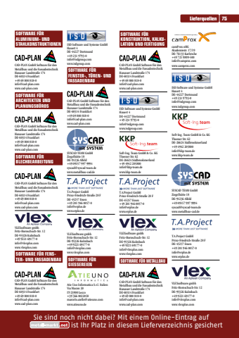 Sie sind noch nicht dabei? Mit einem Online-Eintrag auf ist Ihr Platz in diesem Lieferverzeichnis gesichertSOFTWARE F%u00dcR ALUMINIUM- UND STAHLKONSTRUKTIONENCAD-PLAN GmbH Software f%u00fcr den Metallbau und die FassadentechnikHanauer Landstra%u00dfe 174DE-60314 Frankfurt+49 69 800 818-0info@cad-plan.comwww.cad-plan.comSOFTWARE F%u00dcR ARCHITEKTEN UND PLANUNGSB%u00dcROSCAD-PLAN GmbH Software f%u00fcr den Metallbau und die FassadentechnikHanauer Landstra%u00dfe 174DE-60314 Frankfurt+49 69 800 818-0info@cad-plan.comwww.cad-plan.comSOFTWARE F%u00dcR BLECHBEARBEITUNGCAD-PLAN GmbH Software f%u00fcr den Metallbau und die FassadentechnikHanauer Landstra%u00dfe 174DE-60314 Frankfurt+49 69 800 818-0info@cad-plan.comwww.cad-plan.comVLEXsoftware gmbhFritz-Hornschuch-Str. 12DE-95326 Kulmbach+49 9221 69177-0info@vlexplus.comwww.vlexplus.comSOFTWARE F%u00dcR FENSTER- UND FASSADENBAUCAD-PLAN GmbH Software f%u00fcr den Metallbau und die FassadentechnikHanauer Landstra%u00dfe 174DE-60314 Frankfurt+49 69 800 818-0info@cad-plan.comwww.cad-plan.comISD Software und Systeme GmbHHauert 4DE-44227 Dortmund+49 231 9793-0info@isdgroup.comwww.isdgroup.comSOFTWARE F%u00dcR FENSTER-, T%u00dcREN- UND FASSADENBAUCAD-PLAN GmbH Software f%u00fcr den Metallbau und die FassadentechnikHanauer Landstra%u00dfe 174DE-60314 Frankfurt+49 69 800 818-0info@cad-plan.comwww.cad-plan.comSYSCAD TEAM GmbHZiegelh%u00fctte 18DE-91236 Alfeld+49 09157 997 9994syscad@syscad-team.dewww.metallbau-cad.deT.A.Project GmbHPrinz-Friedrich-Stra%u00dfe 28 FDE-45257 Essen+49 201 946 0057-0info@erplus.dewww.erplus.deVLEXsoftware gmbhFritz-Hornschuch-Str. 12DE-95326 Kulmbach+49 9221 69177-0info@vlexplus.comwww.vlexplus.comSOFTWARE F%u00dcR GIESSEREIENAtie Uno Informatica S.r.l. ItalienVia Macon 30IT-23900 Lecco+39 366 8022058marcelo.aiello@atieuno.comwww.atieuno.deSOFTWARE F%u00dcR KONSTRUKTION, KALKULATION UND FERTIGUNGCAD-PLAN GmbH Software f%u00fcr den Metallbau und die FassadentechnikHanauer Landstra%u00dfe 174DE-60314 Frankfurt+49 69 800 818-0info@cad-plan.comwww.cad-plan.comISD Software und Systeme GmbHHauert 4DE-44227 Dortmund+49 231 9793-0info@isdgroup.comwww.isdgroup.comSoft-Ing. Team GmbH & Co. KGTheener Str. 62DE-26624 S%u00fcdbrookmerland+49 4942 205800info@kkp-team.dewww.kkp-team.deT.A.Project GmbHPrinz-Friedrich-Stra%u00dfe 28 FDE-45257 Essen+49 201 946 0057-0info@erplus.dewww.erplus.deVLEXsoftware gmbhFritz-Hornschuch-Str. 12DE-95326 Kulmbach+49 9221 69177-0info@vlexplus.comwww.vlexplus.comSOFTWARE F%u00dcR METALLBAUCAD-PLAN GmbH Software f%u00fcr den Metallbau und die FassadentechnikHanauer Landstra%u00dfe 174DE-60314 Frankfurt+49 69 800 818-0info@cad-plan.comwww.cad-plan.comp software solutions karlsruhe germanycamProx oHGAkademiestr. 17/19DE-76133 Karlsruhe+49 721 9899-500info@camprox.comwww.camprox.comISD Software und Systeme GmbHHauert 4DE-44227 Dortmund+49 231 9793-0info@isdgroup.comwww.isdgroup.comSoft-Ing. Team GmbH & Co. KGTheener Str. 62DE-26624 S%u00fcdbrookmerland+49 4942 205800info@kkp-team.dewww.kkp-team.deSYSCAD TEAM GmbHZiegelh%u00fctte 18DE-91236 Alfeld+49 09157 997 9994syscad@syscad-team.dewww.metallbau-cad.deT.A.Project GmbHPrinz-Friedrich-Stra%u00dfe 28 FDE-45257 Essen+49 201 946 0057-0info@erplus.dewww.erplus.deVLEXsoftware gmbhFritz-Hornschuch-Str. 12DE-95326 Kulmbach+49 9221 69177-0info@vlexplus.comwww.vlexplus.comLieferquellen 75
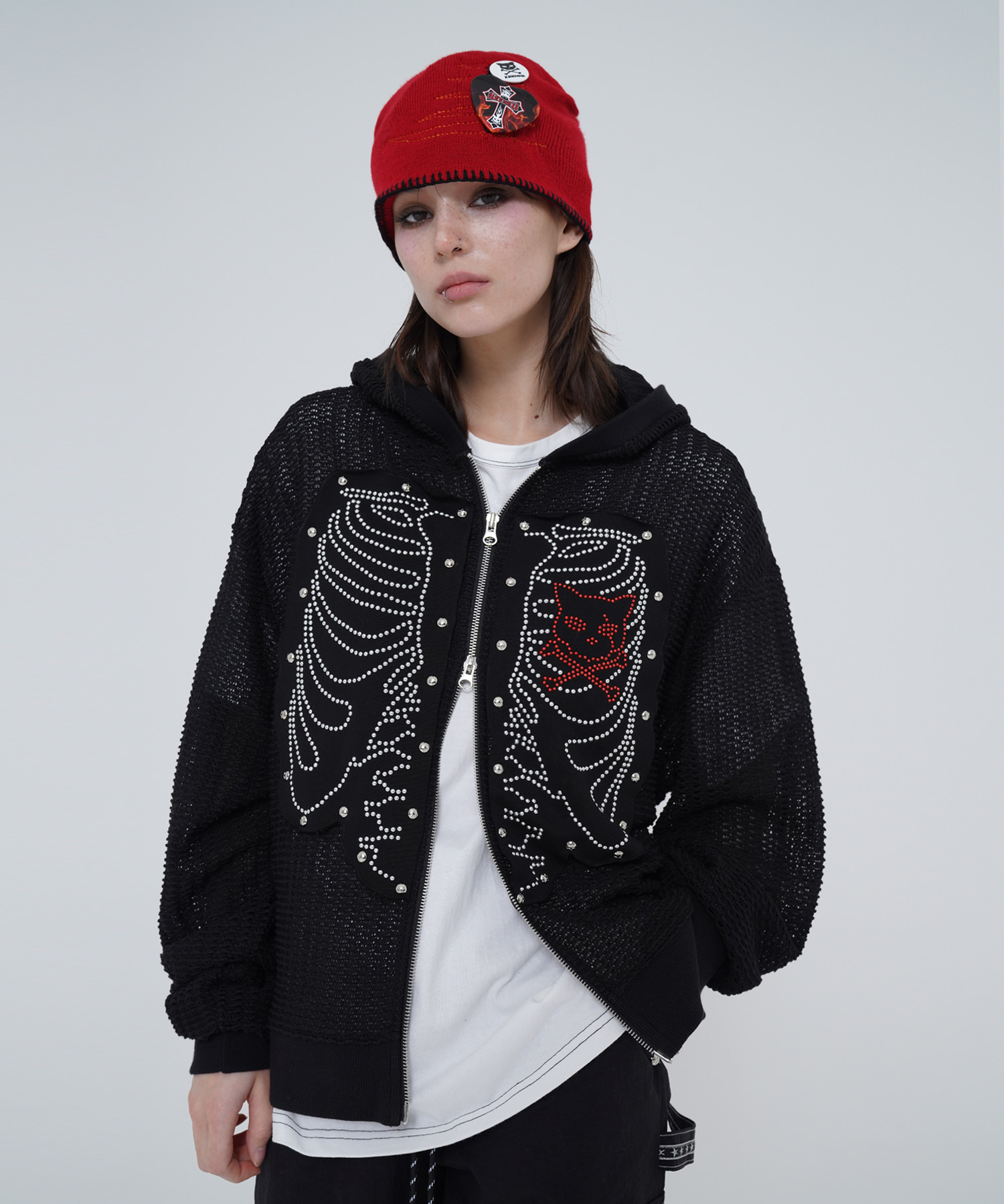 SKULL HOTFIX 2-WAY HOODIE ZIP UP - [BLACK]
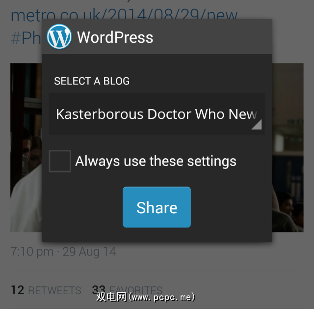 一旦关注了足够多的帐户有用,然后可以将Twitter用作新闻来源。无论您使用的是官方应用程序还是多种替代方法之一,都可以使用共享按钮将推文直接共享到WordPress应用程序中,而推文中包含的任何链接都可以在首选的Android浏览器中打开并共享到WordPress中

### [WORK ORDER]
Your copy should match the material above exactly, minus its pictures.

### [OUTPUT FOR THIS TASK]
 Sie sind noch nicht dabei? Mit einem Online-Eintrag auf ist Ihr Platz in diesem Lieferverzeichnis gesichertSOFTWARE F%u00dcR ALUMINIUM- UND STAHLKONSTRUKTIONENCAD-PLAN GmbH Software f%u00fcr den Metallbau und die FassadentechnikHanauer Landstra%u00dfe 174DE-60314 Frankfurt+49 69 800 818-0info@cad-plan.comwww.cad-plan.comSOFTWARE F%u00dcR ARCHITEKTEN UND PLANUNGSB%u00dcROSCAD-PLAN GmbH Software f%u00fcr den Metallbau und die FassadentechnikHanauer Landstra%u00dfe 174DE-60314 Frankfurt+49 69 800 818-0info@cad-plan.comwww.cad-plan.comSOFTWARE F%u00dcR BLECHBEARBEITUNGCAD-PLAN GmbH Software f%u00fcr den Metallbau und die FassadentechnikHanauer Landstra%u00dfe 174DE-60314 Frankfurt+49 69 800 818-0info@cad-plan.comwww.cad-plan.comVLEXsoftware gmbhFritz-Hornschuch-Str. 12DE-95326 Kulmbach+49 9221 69177-0info@vlexplus.comwww.vlexplus.comSOFTWARE F%u00dcR FENSTER- UND FASSADENBAUCAD-PLAN GmbH Software f%u00fcr den Metallbau und die FassadentechnikHanauer Landstra%u00dfe 174DE-60314 Frankfurt+49 69 800 818-0info@cad-plan.comwww.cad-plan.comISD Software und Systeme GmbHHauert 4DE-44227 Dortmund+49 231 9793-0info@isdgroup.comwww.isdgroup.comSOFTWARE F%u00dcR FENSTER-, T%u00dcREN- UND FASSADENBAUCAD-PLAN GmbH Software f%u00fcr den Metallbau und die FassadentechnikHanauer Landstra%u00dfe 174DE-60314 Frankfurt+49 69 800 818-0info@cad-plan.comwww.cad-plan.comSYSCAD TEAM GmbHZiegelh%u00fctte 18DE-91236 Alfeld+49 09157 997 9994syscad@syscad-team.dewww.metallbau-cad.deT.A.Project GmbHPrinz-Friedrich-Stra%u00dfe 28 FDE-45257 Essen+49 201 946 0057-0info@erplus.dewww.erplus.deVLEXsoftware gmbhFritz-Hornschuch-Str. 12DE-95326 Kulmbach+49 9221 69177-0info@vlexplus.comwww.vlexplus.comSOFTWARE F%u00dcR GIESSEREIENAtie Uno Informatica S.r.l. ItalienVia Macon 30IT-23900 Lecco+39 366 8022058marcelo.aiello@atieuno.comwww.atieuno.deSOFTWARE F%u00dcR KONSTRUKTION, KALKULATION UND FERTIGUNGCAD-PLAN GmbH Software f%u00fcr den Metallbau und die FassadentechnikHanauer Landstra%u00dfe 174DE-60314 Frankfurt+49 69 800 818-0info@cad-plan.comwww.cad-plan.comISD Software und Systeme GmbHHauert 4DE-44227 Dortmund+49 231 9793-0info@isdgroup.comwww.isdgroup.comSoft-Ing. Team GmbH & Co. KGTheener Str. 62DE-26624 S%u00fcdbrookmerland+49 4942 205800info@kkp-team.dewww.kkp-team.deT.A.Project GmbHPrinz-Friedrich-Stra%u00dfe 28 FDE-45257 Essen+49 201 946 0057-0info@erplus.dewww.erplus.deVLEXsoftware gmbhFritz-Hornschuch-Str. 12DE-95326 Kulmbach+49 9221 69177-0info@vlexplus.comwww.vlexplus.comSOFTWARE F%u00dcR METALLBAUCAD-PLAN GmbH Software f%u00fcr den Metallbau und die FassadentechnikHanauer Landstra%u00dfe 174DE-60314 Frankfurt+49 69 800 818-0info@cad-plan.comwww.cad-plan.comp software solutions karlsruhe germanycamProx oHGAkademiestr. 17/19DE-76133 Karlsruhe+49 721 9899-500info@camprox.comwww.camprox.comISD Software und Systeme GmbHHauert 4DE-44227 Dortmund+49 231 9793-0info@isdgroup.comwww.isdgroup.comSoft-Ing. Team GmbH & Co. KGTheener Str. 62DE-26624 S%u00fcdbrookmerland+49 4942 205800info@kkp-team.dewww.kkp-team.deSYSCAD TEAM GmbHZiegelh%u00fctte 18DE-91236 Alfeld+49 09157 997 9994syscad@syscad-team.dewww.metallbau-cad.deT.A.Project GmbHPrinz-Friedrich-Stra%u00dfe 28 FDE-45257 Essen+49 201 946 0057-0info@erplus.dewww.erplus.deVLEXsoftware gmbhFritz-Hornschuch-Str. 12DE-95326 Kulmbach+49 9221 69177-0info@vlexplus.comwww.vlexplus.comLieferquellen 75
 SKULL HOTFIX 2-WAY HOODIE ZIP UP - [BLACK]
 一旦关注了足够多的帐户有用,然后可以将Twitter用作新闻来源。无论您使用的是官方应用程序还是多种替代方法之一,都可以使用共享按钮将推文直接共享到WordPress应用程序中,而推文中包含的任何链接都可以在首选的Android浏览器中打开并共享到WordPress中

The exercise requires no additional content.